**What you are asked to do:** With pictures left out, output exactly the lines from the line holding "En esta, la" through the end of the data, both included.
** Given material follows **
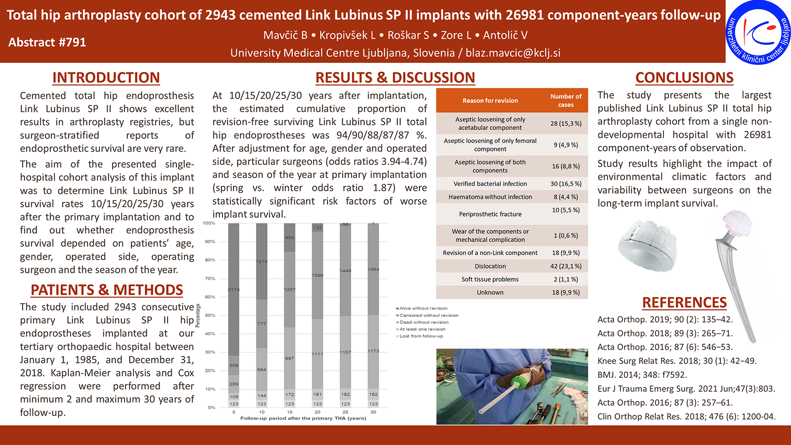 Introduction: Cemented total hip endoprosthesis Link Lubinus SP II has been used for decades with excellent results in arthroplasty registries, but surgeon-stratified reports of endoprosthetic survival are very rare. The aim of the presented single-hospital cohort analysis of this implant was to determine Link Lubinus SP II survival rates 10/15/20/25/30 years after the primary implantation and to find out whether endoprosthesis survival depended on patients’ age, gender, operated side, operating surgeon and the season of the year. Methods: The study included 2943 consecutive primary Link Lubinus SP II hip endoprostheses implanted at the University Medical Centre Ljubljana, Department of Orthopaedic Surgery (Ljubljana, Slovenia) between January 1, 1985 and December 31, 2018. Kaplan-Meier analysis and Cox regression were performed after minimum 2 and maximum 30 years of follow-up. Results: At 10/15/20/25/30 years after implantation, the estimated cumulative proportion of revision-free surviving Link Lubinus SP II total hip endoprostheses was 94/90/88/87/87 % and the cumulative proportion with unremoved immobile components was 96/93/90/89/89 %, respectively. After adjustment for age, gender and operated side, particular surgeons (odds ratios 3.94-4.74) and season of the year at primary implantation (spring vs. winter odds ratio 1.87) were statistically significant risk factors of worse implant survival. Conclusion: The study presents the largest published Link Lubinus SP II total hip arthroplasty cohort from a single non-developmental hospital with 26981 component-years of observation. Study results highlight the impact of environmental climatic factors and variability between surgeons on the long-term implant survival.
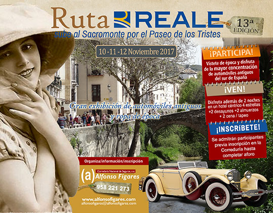 En esta, la decimotercera edición de la Ruta Reale de Automóviles Antiguos que, un año más, organiza la Correduría de Seguros Alfonso Fígares, la Ruta subió al Sacromonte por el Paseo de los Tristes intentando sumar la belleza y elegancia de esos magníficos automóviles  a las ya de por sí bellas estampas que podemos disfrutar…
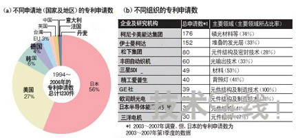 圖日本廠商在開發(fā)方面領(lǐng)先圖為Cintelliq公司就以實(shí)現(xiàn)有機(jī)EL照明為目的的專利申請數(shù)所做調(diào)查的結(jié)果。按申請地劃分,日本為56%,大大超出排在第2位的美國,遙遙領(lǐng)先(a)。在本圖中,1994~2006年的專利申請數(shù)通過2003年以后的文獻(xiàn)調(diào)查得到。按不同組織劃分,柯尼卡美能達(dá)集團(tuán)為176件,排在第1位(b)。大約3/4的專利與藍(lán)色磷光材料有關(guān)。(b)為2003~2007年有機(jī)EL照明(包括背照燈)專利按組織劃分的申請數(shù)(前10家公司)及主要領(lǐng)域。由于按組織劃分的日本專利申請數(shù)數(shù)據(jù)中不包含2007年第2季度以后的數(shù)據(jù),因此,實(shí)際上日本企業(yè)的申請數(shù)有可能更多。
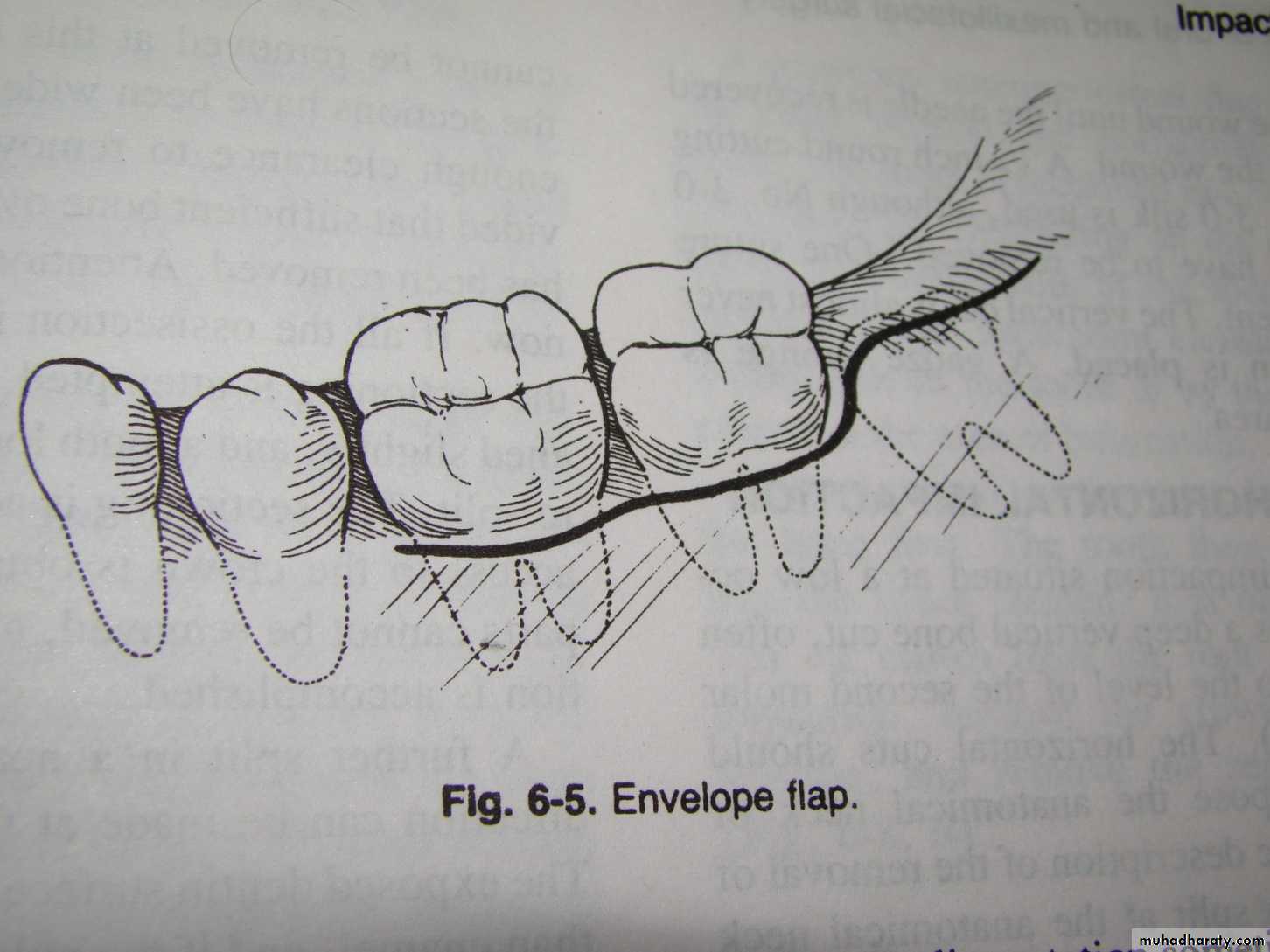 There are 3 types of mucoperiosteal flap design for removal of impacted lower third molar :1- envelop flap : used for soft tissue impaction that need no bone removal. No vertical incision
** End of Given material **
**Answer section:**
 En esta, la decimotercera edición de la Ruta Reale de Automóviles Antiguos que, un año más, organiza la Correduría de Seguros Alfonso Fígares, la Ruta subió al Sacromonte por el Paseo de los Tristes intentando sumar la belleza y elegancia de esos magníficos automóviles  a las ya de por sí bellas estampas que podemos disfrutar…
 圖日本廠商在開發(fā)方面領(lǐng)先圖為Cintelliq公司就以實(shí)現(xiàn)有機(jī)EL照明為目的的專利申請數(shù)所做調(diào)查的結(jié)果。按申請地劃分,日本為56%,大大超出排在第2位的美國,遙遙領(lǐng)先(a)。在本圖中,1994~2006年的專利申請數(shù)通過2003年以后的文獻(xiàn)調(diào)查得到。按不同組織劃分,柯尼卡美能達(dá)集團(tuán)為176件,排在第1位(b)。大約3/4的專利與藍(lán)色磷光材料有關(guān)。(b)為2003~2007年有機(jī)EL照明(包括背照燈)專利按組織劃分的申請數(shù)(前10家公司)及主要領(lǐng)域。由于按組織劃分的日本專利申請數(shù)數(shù)據(jù)中不包含2007年第2季度以后的數(shù)據(jù),因此,實(shí)際上日本企業(yè)的申請數(shù)有可能更多。
 There are 3 types of mucoperiosteal flap design for removal of impacted lower third molar :1- envelop flap : used for soft tissue impaction that need no bone removal. No vertical incision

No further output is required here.